Velcoro later visits his son at school and sees that he is not wearing his expensive new sneakers; Chad states that a bully named Aspen Conroy broke into his locker and damaged them. Velcoro uses his police contacts to find Conroy's home address and visits the house that night, brutally attacking Conroy's father in front of him and threatening to kill his parents if he ever bullies Chad or any kid ever again. Velcoro then meets with Semyon at his friend Felicia's (Yara Martinez) bar to give him Howser's evidence, revealing Semyon as the one who sent the attorney to help Velcoro gain custody of Chad.

While lying in bed, Woodrugh is questioned by Emily about his scars, and tells her that they are from a time before he joined the U.S. Army but does not reveal exactly what caused them. He leaves the house and goes driving on his motorcycle with no helmet. He turns off the motorcycle's headlights and exceeds the speed limit, but grows timid. He soon turns the lights back on and pulls up to the side of the road, where he sees a man sitting on a bench. Upon further inspection, he discovers that the man is Ben Caspere, who has had his eyes burned out with hydrochloric acid. Woodrugh reports the body and the authorities, including Velcoro and Bezzerides, arrive, meeting together for the first time.

==Production==
===Development===
In January 2014, Nic Pizzolatto signed a two-year contract extension with HBO, effectively renewing the series for two additional seasons. Much like its predecessor, the season consists of eight episodes, all written by Pizzolatto. In September 2014, Justin Lin joined the series to direct the first two episodes of the season.

In June 2015, the episode's title was revealed as "The Western Book of the Dead" and it was announced that series creator Nic Pizzolatto had written the episode while Justin Lin had directed it. This was Pizzolatto's ninth writing credit, and Lin's first directing credit. The title is based on a book of the same name by Alfred Schmielewski, who went by the name Yogi A.S. Narayana.

===Casting===
In September 2014, Colin Farrell announced that he would join the series, while doing an interview with the Sunday World. By the end of the month, Vince Vaughn joined the series. In November 2014, Rachel McAdams, Taylor Kitsch, and Kelly Reilly were announced as the remaining main cast members.

==Reception==
===Viewers===
The episode was watched by 3.17 million viewers, earning a 1.4 in the 18-49 rating demographics on the Nielsen ratings scale.

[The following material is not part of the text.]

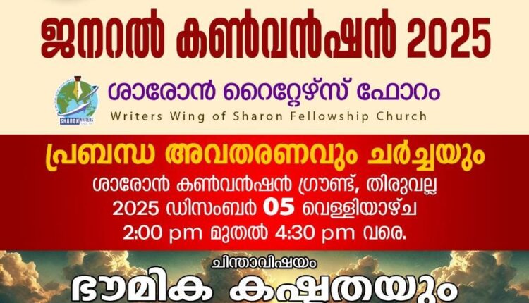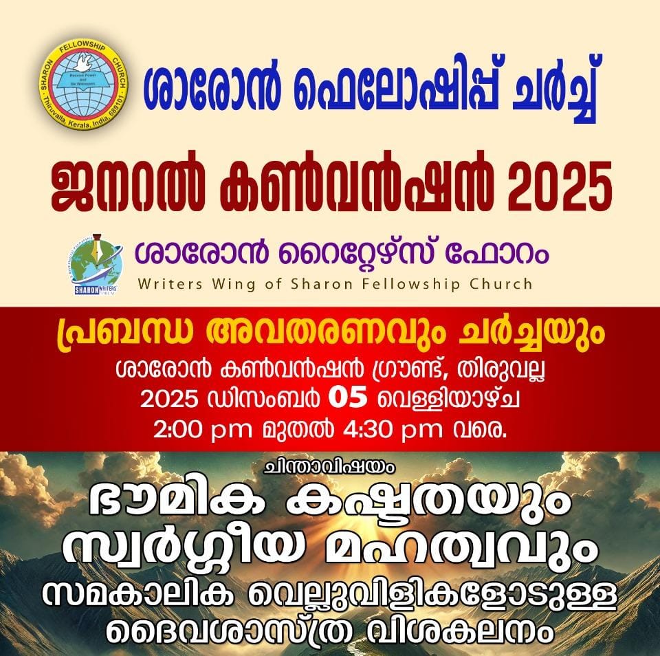 തിരുവല്ല: ശാരോൻ ഫെല്ലോഷിപ്പ് ചർച്ചിന്റെ പുത്രികാ സംഘടനയായ ശാരോൻ റൈറ്റേഴ്സ് ഫോറം പ്രബന്ധ അവതരണവും ചർച്ചയും ഡിസംബർ 5 വെള്ളിയാഴ്ച ഉച്ചയ്ക്ക് 2ന് തിരുവല്ല ശാരോൻ ഗ്രൗണ്ടിൽ നടക്കും. ‘ഭൗമീക കഷ്ടതയും സ്വർഗീയ മഹത്വവും സമകാലിക വെല്ലുവിളികളോടുള്ള ദൈവശാസ്ത്ര വിശകലനം’ എന്ന വിഷയത്തിൽ റൈറ്റേഴ്സ് ഫോറം ജനറൽ സെക്രട്ടറി പാസ്റ്റർ അനീഷ് കൊല്ലംകോട് ക്ലാസ്സെടുക്കും.

This means that 1.4 percent of all households with televisions watched the episode. This was a 10% decrease from the previous episode, which was watched by 3.52 million viewers with a 1.6 in the 18-49 demographics. But it was a 36% increase from the previous season premiere, which was watched by 2.33 million viewers with a 1.0 in the 18-49 demographics.

===Critical reviews===
"The Western Book of the Dead" received mixed-to-positive reviews from critics. The review aggregator website Rotten Tomatoes reported a 74% approval rating for the episode, based on 23 reviews, with an average rating of 6.7/10. The site's consensus states: "Strong performances by the season two True Detective cast make for a compelling hour of television, even when the story takes a little too long to get going."

Roth Cornet of IGN gave the episode a "good" 7.5 out of 10 and wrote in her verdict, "By its very nature True Detective Season 2 is poised to be compared with its predecessor. It also cannot become the unexpected hit of the season... because we are expecting it. We're looking for it. Some would defy it to be as riveting as those first few episodes of Season 1. This is not the mesmerizing tale of two diametrically opposed men who become bound by blood and the search for honor, though. The debut episode of True Detectives second season is burdened by an overly complex plot and weakened by simplified character sketches. However, in total this is an engaging enough detective series that has the potential to become more so."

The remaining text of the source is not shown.